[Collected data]
= = = = =
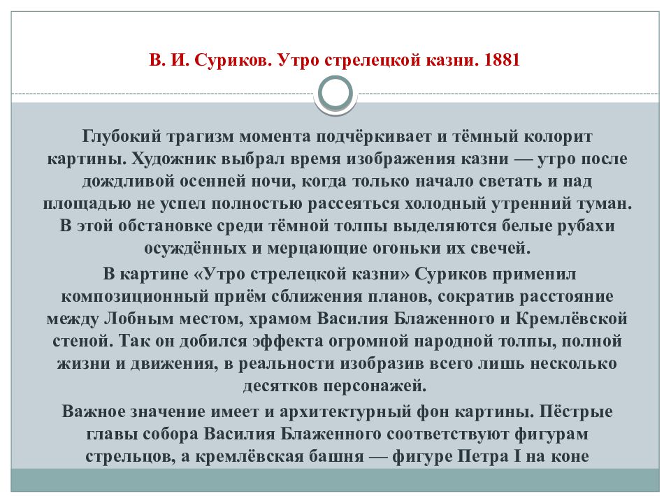 Глубокий трагизм момента подчёркивает и тёмный колорит картины. Художник выбрал время изображения казни — утро после дождливой осенней ночи, когда только начало светать и над площадью не успел полностью рассеяться холодный утренний туман. В этой обстановке среди тёмной толпы выделяются белые рубахи осуждённых и мерцающие огоньки их свечей. В картине «Утро стрелецкой казни» Суриков применил композиционный приём сближения планов, сократив расстояние между Лобным местом, храмом Василия Блаженного и Кремлёвской стеной. Так он добился эффекта огромной народной толпы, полной жизни и движения, в реальности изобразив всего лишь несколько десятков персонажей. Важное значение имеет и архитектурный фон картины. Пёстрые главы собора Василия Блаженного соответствуют фигурам стрельцов, а кремлёвская башня — фигуре Петра I на коне
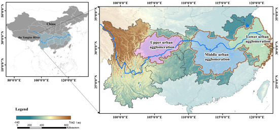 The Yangtze River Economic Belt (YREB), covering an extensive area of approximately 2.05 million square kilometers across eleven provinces and municipalities including Shanghai, Jiangsu, Zhejiang, Anhui, Jiangxi, Hubei, Hunan, Chongqing, Sichuan, Yunnan, and Guizhou, is one of China’s most crucial regions. It boasts a high level of economic development, benefits from a well-developed transportation infrastructure, and occupies a strategic position in the heart of China. Furthermore, the YREB is globally recognized for its “golden waterway”, a unique and valuable resource that serves as a vital hub for China’s coordinated production and distribution, significantly contributing to regional development [1,2].
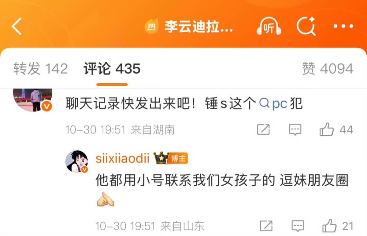 司曉迪還在評論區爆料,李雲迪專用小號聯繫女生,並表示自己還有很多料,誰惹就爆誰!
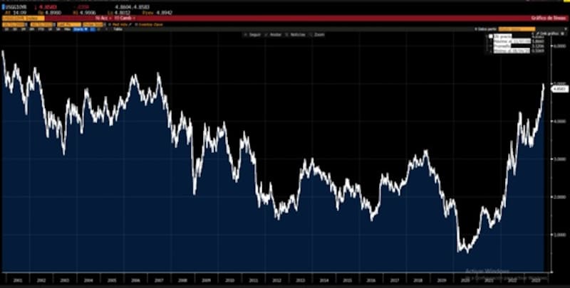 Hoy las tasas de los bonos del tesoro se ubican en su nivel más alto en 16 años, contribuyendo a que las condiciones financieras se tornen más estrictas.
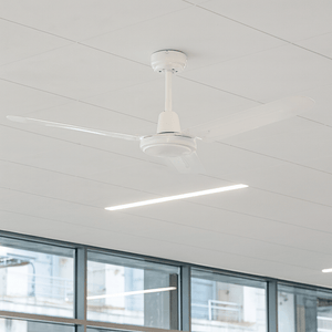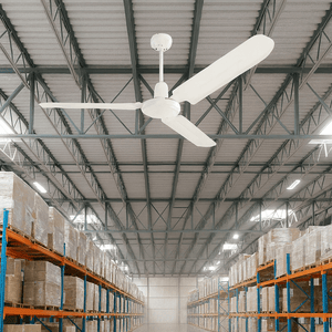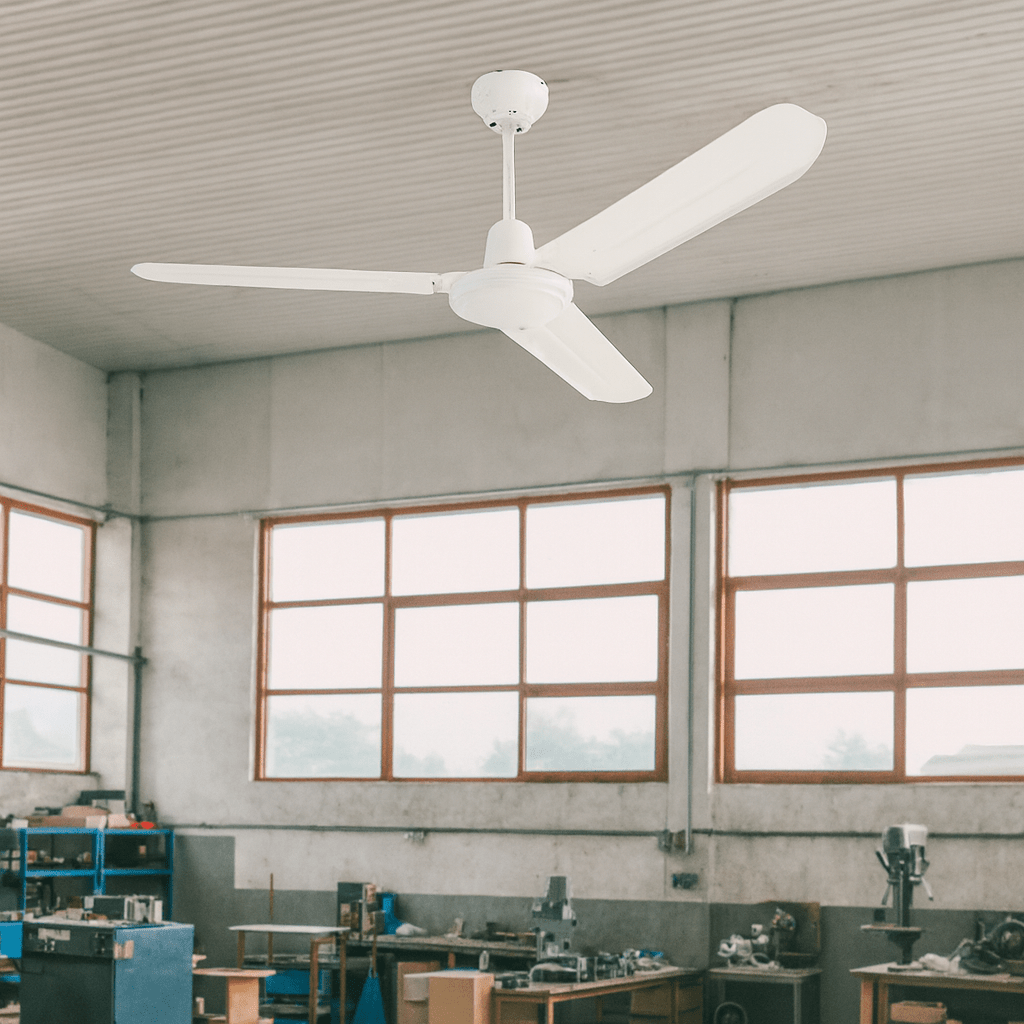 Introducing the F12W, a white industrial ceiling fan designed for robust performance in challenging environments. Equipped with three blades and made from pressed steel, this fan ensures reliable air circulation for factory floors, warehouses, and other industrial spaces. Its durable design caters to users seeking an efficient and long-lasting solution for powerful airflow where it's most needed.
= = = = =
Return the lines above exactly; the images are not part of the copy.

» **Written response**:
 Глубокий трагизм момента подчёркивает и тёмный колорит картины. Художник выбрал время изображения казни — утро после дождливой осенней ночи, когда только начало светать и над площадью не успел полностью рассеяться холодный утренний туман. В этой обстановке среди тёмной толпы выделяются белые рубахи осуждённых и мерцающие огоньки их свечей. В картине «Утро стрелецкой казни» Суриков применил композиционный приём сближения планов, сократив расстояние между Лобным местом, храмом Василия Блаженного и Кремлёвской стеной. Так он добился эффекта огромной народной толпы, полной жизни и движения, в реальности изобразив всего лишь несколько десятков персонажей. Важное значение имеет и архитектурный фон картины. Пёстрые главы собора Василия Блаженного соответствуют фигурам стрельцов, а кремлёвская башня — фигуре Петра I на коне
 The Yangtze River Economic Belt (YREB), covering an extensive area of approximately 2.05 million square kilometers across eleven provinces and municipalities including Shanghai, Jiangsu, Zhejiang, Anhui, Jiangxi, Hubei, Hunan, Chongqing, Sichuan, Yunnan, and Guizhou, is one of China’s most crucial regions. It boasts a high level of economic development, benefits from a well-developed transportation infrastructure, and occupies a strategic position in the heart of China. Furthermore, the YREB is globally recognized for its “golden waterway”, a unique and valuable resource that serves as a vital hub for China’s coordinated production and distribution, significantly contributing to regional development [1,2].
 司曉迪還在評論區爆料,李雲迪專用小號聯繫女生,並表示自己還有很多料,誰惹就爆誰!
 Hoy las tasas de los bonos del tesoro se ubican en su nivel más alto en 16 años, contribuyendo a que las condiciones financieras se tornen más estrictas.
 Introducing the F12W, a white industrial ceiling fan designed for robust performance in challenging environments. Equipped with three blades and made from pressed steel, this fan ensures reliable air circulation for factory floors, warehouses, and other industrial spaces. Its durable design caters to users seeking an efficient and long-lasting solution for powerful airflow where it's most needed.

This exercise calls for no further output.